Reputation: 3936
I need to extract from venue *country*, city from google search result. For example I search for "EEE Symposium on Computational intelligence for Image Processing". I'm using googles custom search api.
I get a snippet like this,
"snippet": "The Computer Security Foundations Symposium is an annual conference for
researchers in ... It was created in 1988 as a workshop of the IEEE Computer
Society Technical Committee on Security and ... CSF-26 was held at Tulane
University, New Orleans, LA, June 26-28, 2013. ... CSFW-19 program and 5-
minute talks.",
How do I extract 'Tulane University, New Orleans' from the response....mind you there are multiple results but lets assume I take only the 1st one which contains this..
Upvotes: 0
Views: 93
Reputation: 1538
This is difficult, given that you're handling natural language.
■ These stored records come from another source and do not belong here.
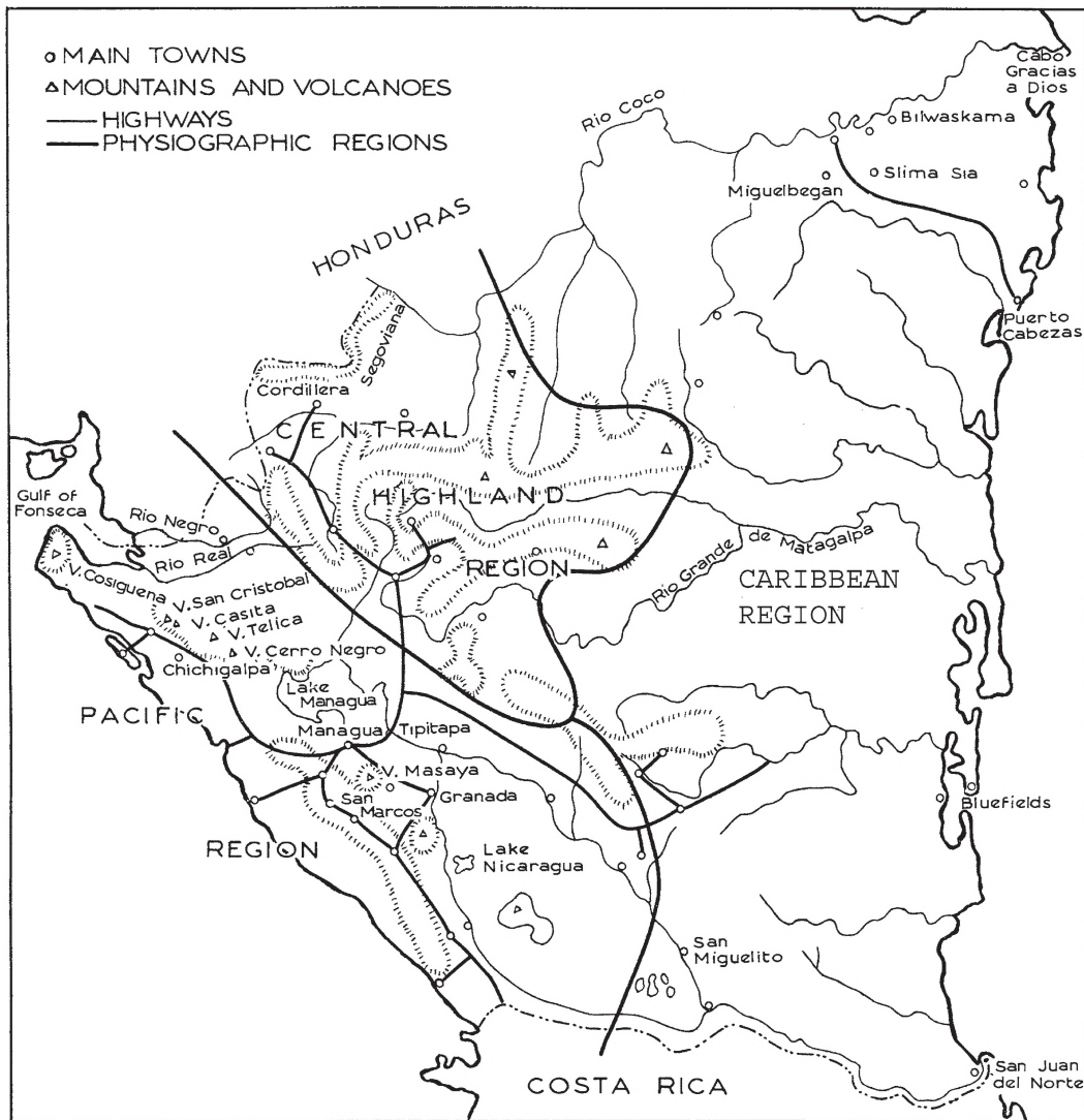
FIG. 2. Distribution of the major geographic regions in Nicaragua (based on Taylor 1963).

In editing the manuscript, we decided to maintain the style and flavor of the original rather than update its content or attempt to modernize its format—this decision was also in keeping with the wishes of Tom’s family. We added the Literature Cited section, corrected spelling, revised punctuation, and reinforced consistency in the style of reporting of dates and localities he had developed over many years of revisions. We took particular care in retaining the original details of specimen data, especially locality data, while also providing alternative modern names parenthetically. Standardizing locality names for Nicaragua was challenging, because Spanish, English (Caribbean), and indigenous names were often interchanged, and even spelling in official gazetteers was inconsistent. We followed Howell’s original taxonomic arrangement and use of nomenclature but added current scientific and associated English names after the species accounts (American Ornithologists’ Union 1998 and Supplements 42 to 50) when they diverged from those used by Howell. Finally, because we consider
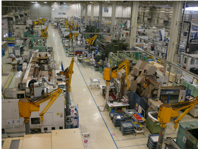
Figure 3 Main factory for civil aircraft engines (Factory 5 of MHI Nagoya Guidance & Propulsion Systems)

For these production hardware as well as development hardware are mainly manufactured in Factory 5 ( Figure 3 ) and assembly and repair is mainly performed in Factory 6. MHIAEL eagerly promotes the enhancement of cost competitiveness by proceeding with the introduction of line production and the improvement of process control for parts manufacturing, and through the establishment of the optimum combination of dock and flow line for assembly and repair.
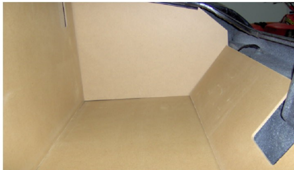
The last panel is the rear panel that fits under the trunk latch hold down. The panels may need to be sanded down if using thick material.
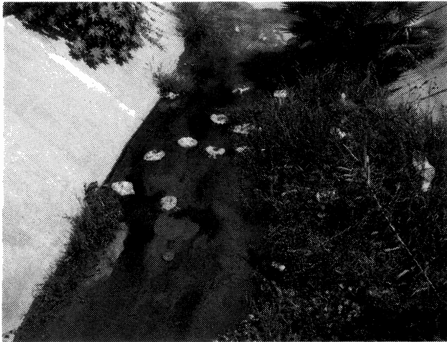
32. Paleta Creek upstream of Osborn Street.
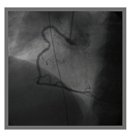
Figure 2. J-wire was seen spanning from the superior vena cava (SVC) to inferior vena cava (IVC) without looping in the right ventricle in 2007.

to IVC without looping in the right ventricle (Fig. 2). It was believed that the wire was left over from a right heart catheterization done at an outside institution at least seven years prior to his presentation. At that time, attempts to retrieve the wire using different percutaneous retrieval devices were unsuccessful. It was felt that the wire was endothelialized and/or layered with thrombus, so no further intervention was undertaken at that time. Given these presenting symptoms and migration of the J-wire cephelad, a repeat endovascular approach was attempted.
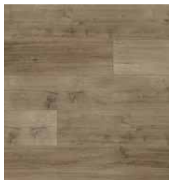
Frappe Oak ADA127
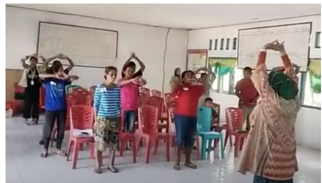
Figure 1 . Positive parenting training session

ended questionnaire responses into a table in Microsoft Excel and discussion transcripts in Microsoft Word. In the next stage, we created initial codes for further searching and reviewed the categorization and themes. Subsequently, we built a code system involving different colors in the label and memo feature in the qualitative application tools. In the final stage of thematic analysis, we defined and named the themes into a compilation of themes (code books). In addition to organizing the data using thematic analysis techniques, we combined the results with information from cross-tabulation to obtain descriptive statistics calculated from the frequency of segment units that formed themes or categories. The percentage size shows the appearance of segment units from each participant's answer in the two data sources (FGD and open-ended questionnaire) from the two post- and pre-test sessions in the two regions.
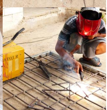
After that, Loudimer welding each letter of LP4Y and GREEN VILLAGE on the grids. Good job !
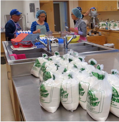
Bags of Mixed Flour
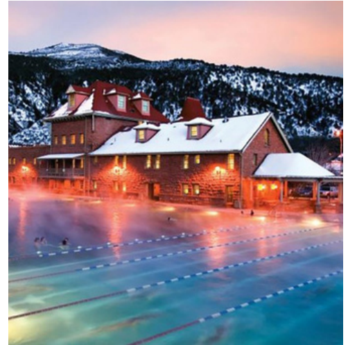
GLENWOOD HOT SPRINGS POOL
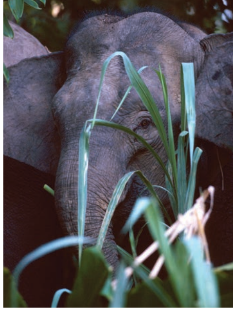
Bornean pygmy elephant
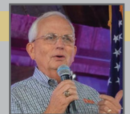
GDA Commissioner & 2022 U.S. Senate Candidate Gary W. Black
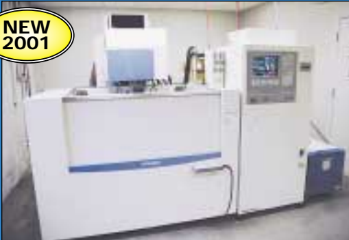
Mitsubishi Model FX-30K CNC Wire EDM

Featuring: Mitsubishi Model FX-30K Wire EDM (New 2001), Mitsubishi DWC-110HA Wire EDM, Cincinnati Milacron Arrow 750 CNC Vertical Machining Center, CNC & Manual Vertical & Horizontal Mills, Surface Grinders, Lathes, Radial Arm Drills, Presses & Feed Equipment, Welders, Air Compressors, Lift Trucks, Inspection Equipment & Machine Accessories
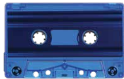
Blue Tint MB-2222 (SONIC)

Recom'd Inks: White, Black, Silver, Gold
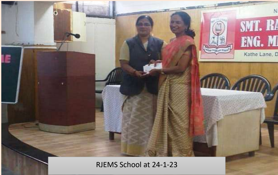
RJEMS School at 24-1-23
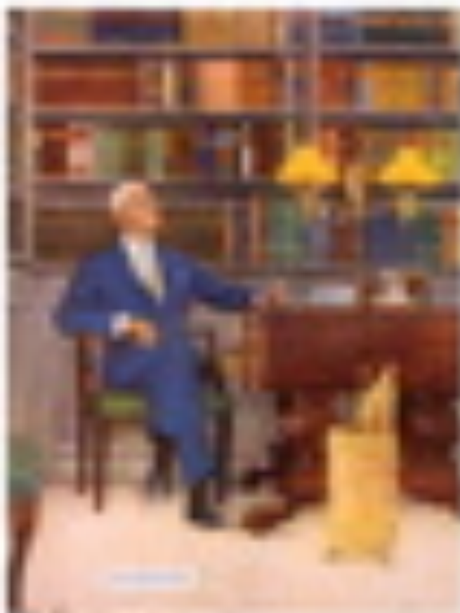
Turner, J.M.W. Rain, Steam, and Great Central Railway Station, 1844

...the man in the blue suit is the artist himself, sitting on a bench in the railway station, looking at a book. The background shows a bookshelf filled with books, and a yellow bag is on the floor next to him. The scene is set in a railway station, with a train visible in the distance.
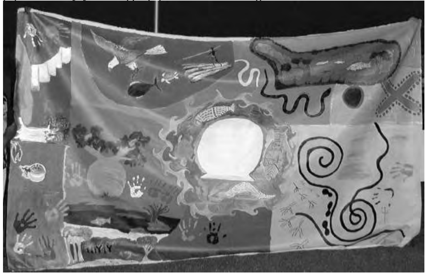
Picture painted for FEL by the many Aboriginal people at FEL VII; each section was painted by a different language group.

FEL too would like to thank Argyle Mining for their generous support. Nigel Crawhall, of the South African San Institute, proved an indispensable asset to our conference.
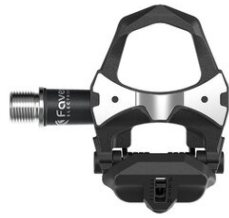
Art.772-59 EUR 81.89 Right pedal without sensor for Assioma Weight: 0,12kg.
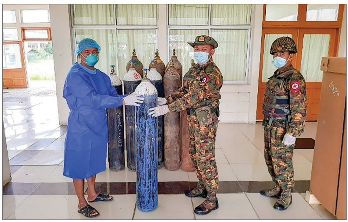
Oxygen cylinders are donated to the 300-bedded Hospital in Nay Pyi Taw.

In addition, 120 oxygen cylinders were donated to public hospitals, Tatmadaw hos-
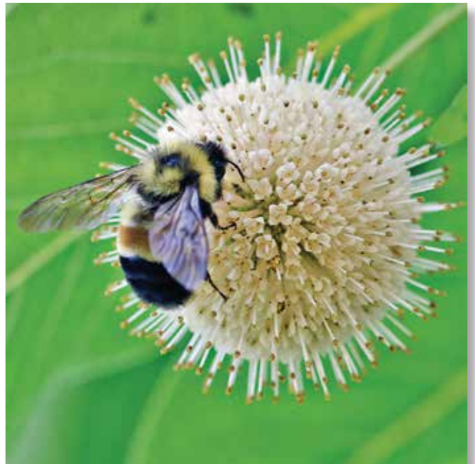
Bombus Affinis on Buttonbush
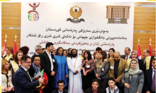
Gurudev addresses the peace conference and honours Kurdish Kobani woman fighters.
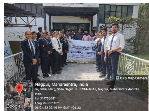
J D College of Engineering & Management, Nagpur
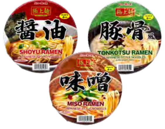
New Touch Goku-jo-men Cup Ramen Shoyu / Miso / Tonkotsu 3.3 oz - 4.4 oz

Higashimaru Tonkotsu Kagoshima Ramen Regular / Spicy 13.7 - 13.8 oz
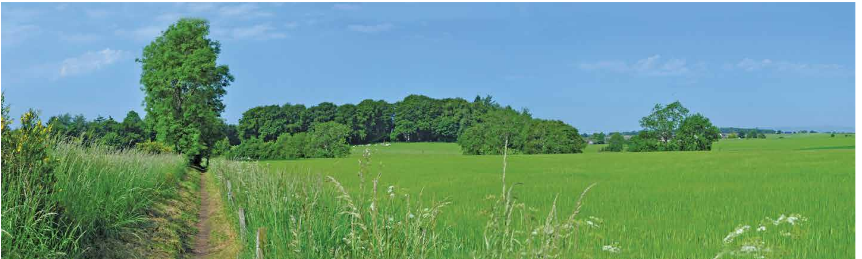
4.2 View from Core Path 054
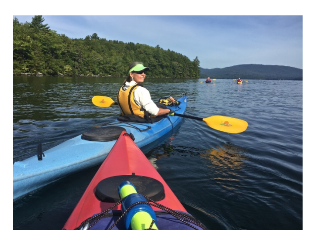
Cardigan Lodge
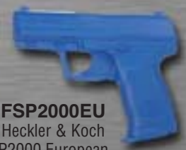
FSP2000EU Heckler & Koch P2000 European
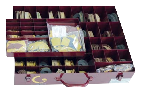
VENTA 150 transport box with abrasive set
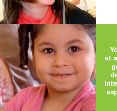
Youth in decision-making at all levels of management, governance, and service delivery as necessary for intergenerational transfer of experiences and continuity.
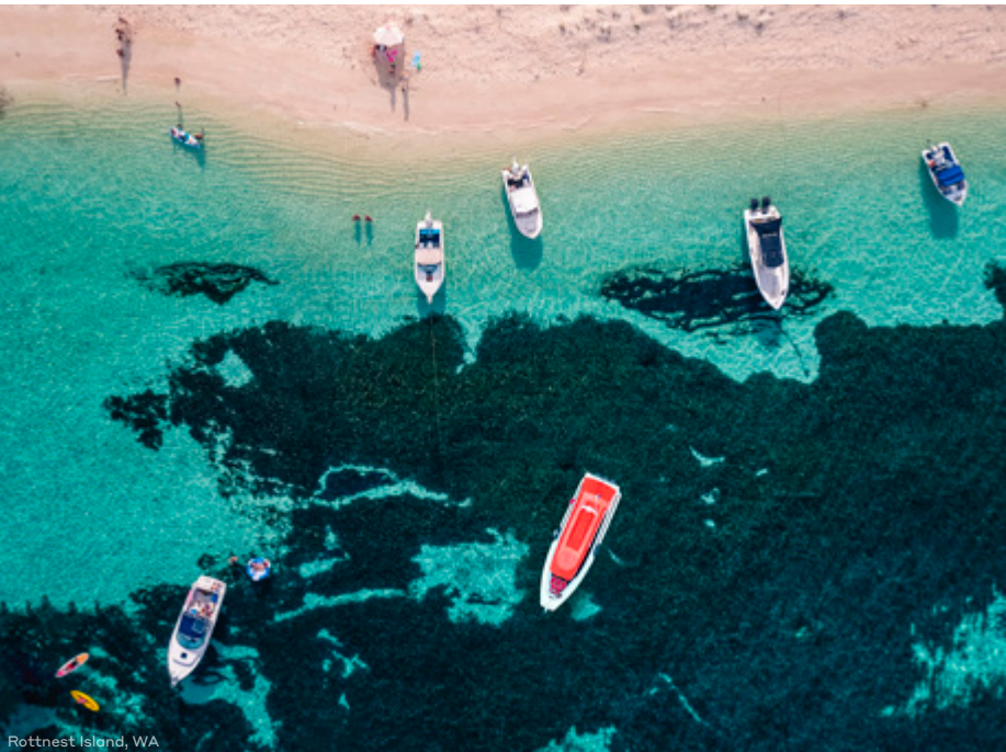
Rottnest Island, WA

After breakfast, check out of your accommodation. This signals the end of your epic journey across Australia. (B)

There are a few possibilities. It really depends on the input.
You could try finding these using templates/regex. If you know that venues are introduced by "held at" or "organized at" etc, you can use that information to extract the venues/locations.
You could use a POS/NE Tagger to tag the words. Using the Standford CoreNLP Pipeline yields (shortened, using only relevant sentence and information):
CSF-26 NN O was VBD O held VBN O at IN O Tulane NNP ORGANIZATION University NNP ORGANIZATION New NNP LOCATION Orleans NNP LOCATION LA NNP LOCATION June NNP DATE 26-28 CD DATE 2013 CD DATE
The word is followed by the POS tag, followed by the NE entity tag. O stands for "Other", the rest should be self explanatory. You could then look for LOCATION and surrounding LOCATION or ORGANIZATION.
You could use a database of geographical names to find COUNTRY/CITY, then look at the x surrounding words. If you can also provide a list of commonly used "venue" names, you can include that to further ameliorate the results. This step can be integrated into any other method as well.
This list is not exhaustive. It depends greatly on the variance of the input.
Upvotes: 1